Lost for Words Part One

Dore-52

The Tower of Babel. Engraving by Gustave Doré (1861).

 

Sep 19, 2014

From a comparative viewpoint, perhaps the most common ‘contaminations’ in mythological data are distorted echoes of the Hebrew myths of paradise, Noah’s flood and the tower of Babel, conveyed to exotic societies by Christian missionaries.

Similar to stratigraphical clues in archaeological excavations, elements of language, style and composition can provide a dead giveaway of Biblical influence. Concentrating on the Babel story, examples are the direct speeches of unanimous exhortation within the group, as in this account from the Pare people (northern Tanzania):

‘God was still close to them. But when the people multiplied, they became defiant and spoke to each other: ‘Well then, let us build a tower, the crest of which will reach into the upper land, so that we can creep up and bring war into the land of the one up there.’ But Kyumbi looked down upon them, just like a human being looks down upon an army of ants, and said: ‘What kind of vintu are these, what midgets down there?’ Then he provoked an earthquake, the tower split asunder in the middle and buried the builders in its débris. But Kyumbi withdrew the upper land and since then Kyumbi is no longer close-by, but infinitely far.’

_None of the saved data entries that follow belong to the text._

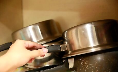 Organize your pot and pan supply. Before you begin to find a home for the lids, take inventory of what you currently have and use. Discard any sets that are damaged, peeling or cracked. Match a lid to each pot or pan.
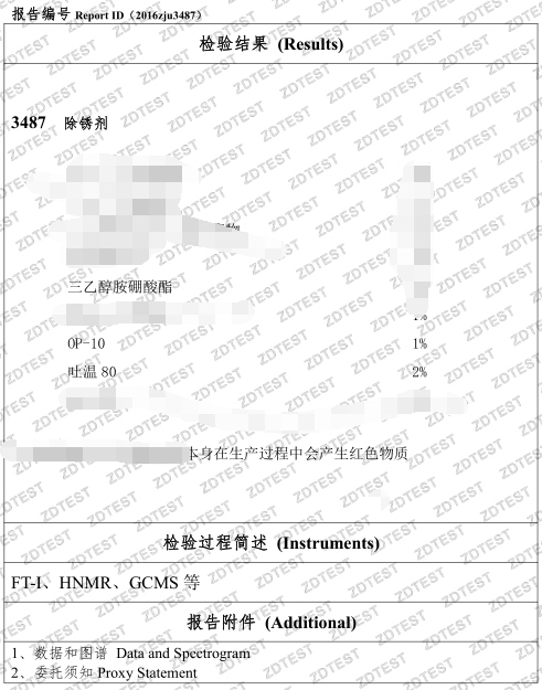 杭州柘大飛秒檢測技術(shù)有限公司,用核磁共振(HNMR)儀器結(jié)合GC-MS以及 “飛秒檢測”技術(shù)分析除銹劑成分,同時利用如下技術(shù)路徑,為客戶提供精準(zhǔn)快速的配方開發(fā)服務(wù)。
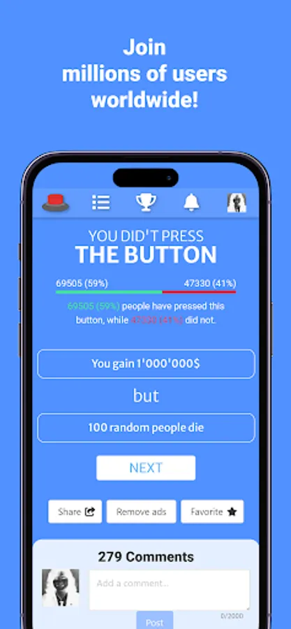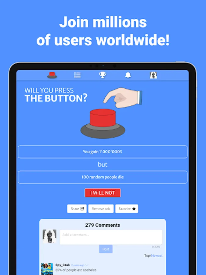 Will You Press The Button? is the ultimate game for testing your ethics, logic, and sense of humor. Download it now and join millions of players who have already Pressed The Button!

Yet even if exposure to missionary tuition seems undeniable, researchers reaching for the sky rarely arrive at a straightforward answer to the question of origin. Perhaps more often than not, a few new style elements were grafted onto earlier original traditions. The existence of an authentic native Pare tale may be inferred from the overt belligerence of the builders, the earthquake and the resultant lifting of the sky as motifs foreign to Genesis, the absence of a ‘confusion of tongues’ and the existence of parallel myths with variants in adjacent areas. To illustrate the latter, the Nyamwezi (central Tanzania) relayed this tale of the ‘tower building of the Valengo’:

‘In the beginning lived the Valengo. They were one big family, dwelled in a gigantic city and had one language. One day they said to each other: Come on, let us build a high tower and ascend to the sky in order to fetch water! All Valengo agreed and they immediately commenced to build. They built for many months, until they were close to the sky. … Tomorrow we will enter the sky, because the tower reaches until the sky. All approved. The next morning they mounted the tower. But because they were close to the sky, they saw a very large wind coming. Then the tower broke asunder in the middle and all Valengo died, without leaving any offspring.’

In this case, the phraseology and the reference to a single primordial language suggest a partial dependence on Judaeo-Christian sources, but the protagonists’ motivation and the involvement of wind are alien to Biblical scripture. Again, the tradition of Hao and Makemo (Tuamotu, Polynesia) concerning what transpired after the deluge exhibits unmistakable Christian overtones: ‘At the time of the construction of the enclosure at Maragai, in the land Havaiki, we at that ancient time had only one language; but our ancestors having told us about building the enclosure in order to arrive at the sky above and see Vatea, this one, enraged, broke the enclosure, cast out all those who built it and then changed their language …’

Nevertheless, the responsible ethnographer, the French Eugène Caillot (1866-1938), observed that this tradition was expressed in highly archaic locution and that the islanders claimed to have received it from their ancestors prior to the arrival of Europeans. The English anthropologist Robert Wood Williamson (1856-1932) concurred: “I point out that in Polynesia a tradition may be in the main of truly native origin, even if biblical matter has been inserted into it.”